:: Action item ::
Every entry should be repeated exactly. Omit the pictures.

** Opening Materials provided block **

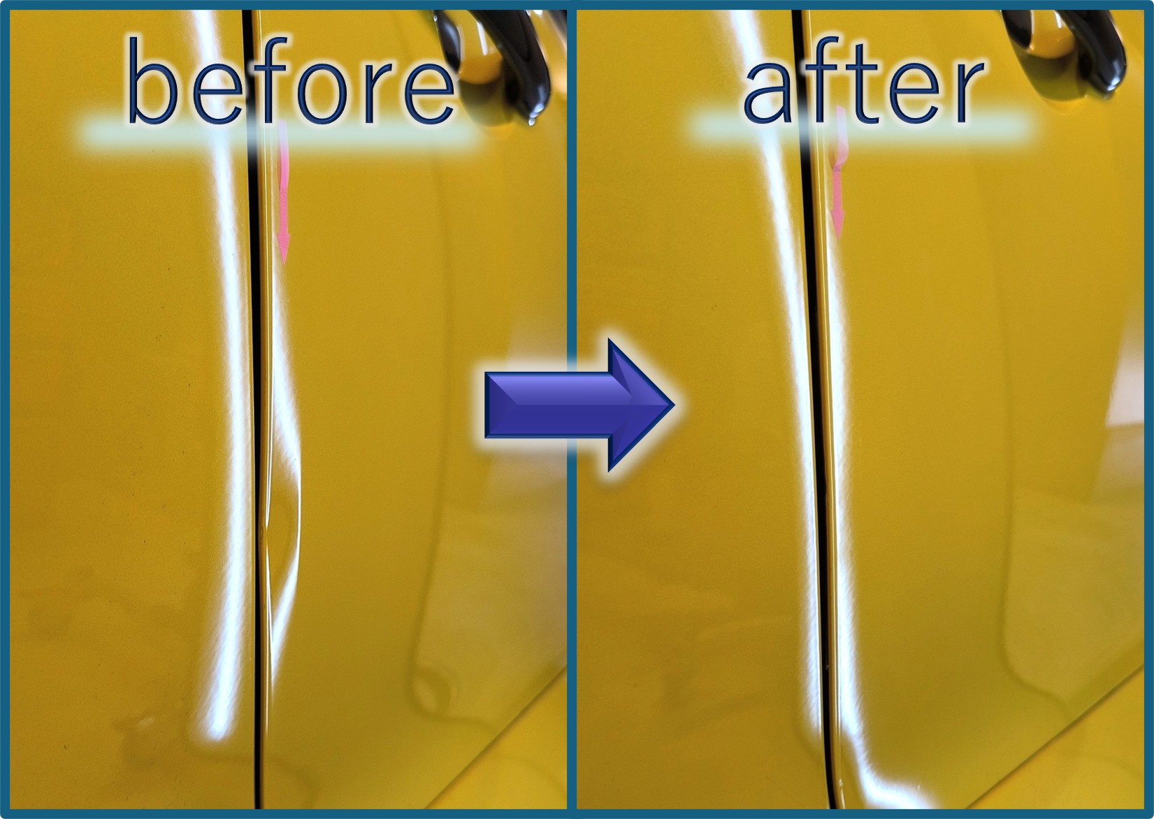 つまり、「完全な修復を」というご意向でしたらデントリペアではなく板金修理かドア交換。「そこまではしたくないけど目立たなくなれば嬉しい」というご意向でしたらデントリペアで対応できます (‘◇’)ゞ
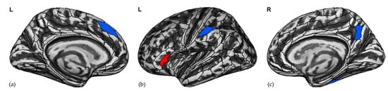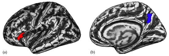 - Glasser, M.F.; Coalson, T.S.; Robinson, E.C.; Hacker, C.D.; Harwell, J.; Yacoub, E.; Ugurbil, K.; Andersson, J.; Beckmann, C.F.; Jenkinson, M.; et al. A Multi-Modal Parcellation of Human Cerebral Cortex. Nature 2016, 536, 171–178. [Google Scholar] [CrossRef] [PubMed]
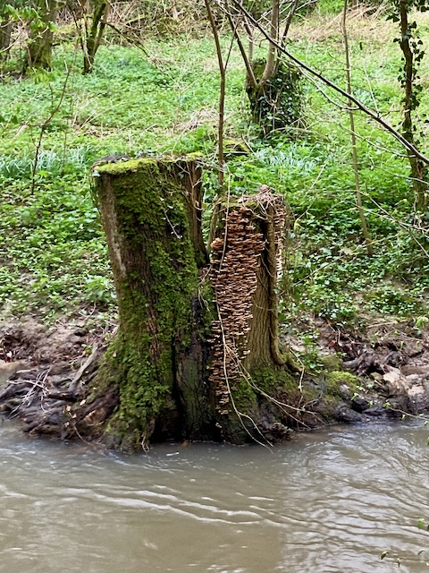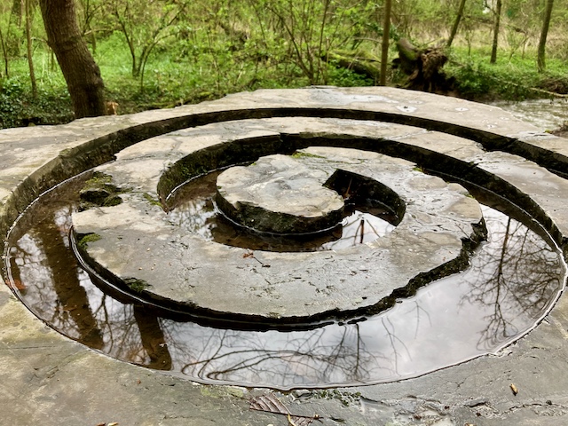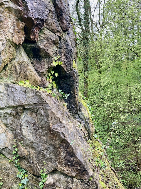 An der Düssel entlang geht es Richtung Fundstelle. Auch hier gibt es Hörstationen an denen die Geschichte des Fundes und des Kalkabbaus erzählt wird.
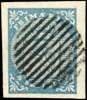 1855 4sk blue, four good margins, fine used with complete grid cancel. SG 1
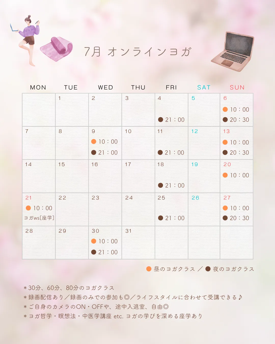 ・7月20日(日)夜クラス→ 7月21日(月)10:00〜11:00に変更
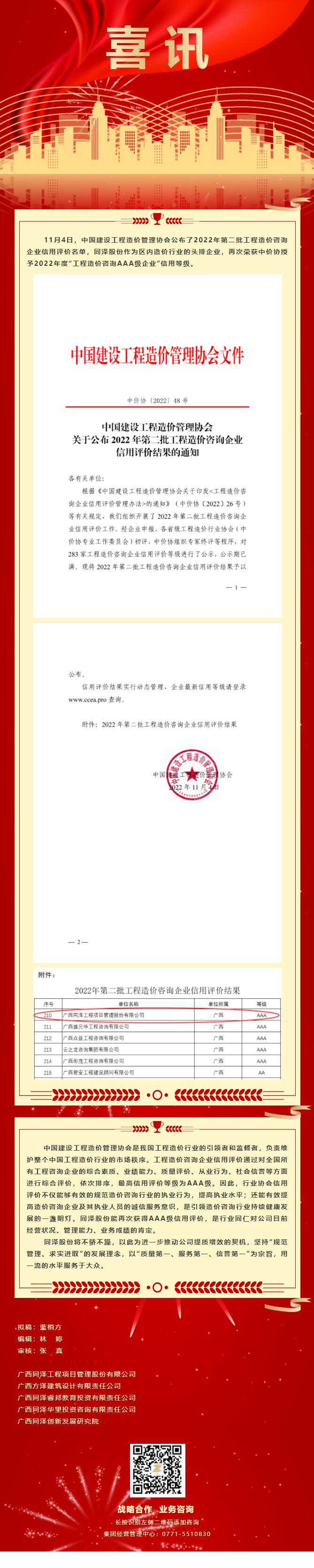 喜讯丨同泽股份荣获中价协授予2022年度“工程造价咨询AAA级企业”信用等级

** Closing Materials provided block **

:: Response to the exercise ::
 つまり、「完全な修復を」というご意向でしたらデントリペアではなく板金修理かドア交換。「そこまではしたくないけど目立たなくなれば嬉しい」というご意向でしたらデントリペアで対応できます (‘◇’)ゞ
 - Glasser, M.F.; Coalson, T.S.; Robinson, E.C.; Hacker, C.D.; Harwell, J.; Yacoub, E.; Ugurbil, K.; Andersson, J.; Beckmann, C.F.; Jenkinson, M.; et al. A Multi-Modal Parcellation of Human Cerebral Cortex. Nature 2016, 536, 171–178. [Google Scholar] [CrossRef] [PubMed]
 An der Düssel entlang geht es Richtung Fundstelle. Auch hier gibt es Hörstationen an denen die Geschichte des Fundes und des Kalkabbaus erzählt wird.
 1855 4sk blue, four good margins, fine used with complete grid cancel. SG 1
 ・7月20日(日)夜クラス→ 7月21日(月)10:00〜11:00に変更
 喜讯丨同泽股份荣获中价协授予2022年度“工程造价咨询AAA级企业”信用等级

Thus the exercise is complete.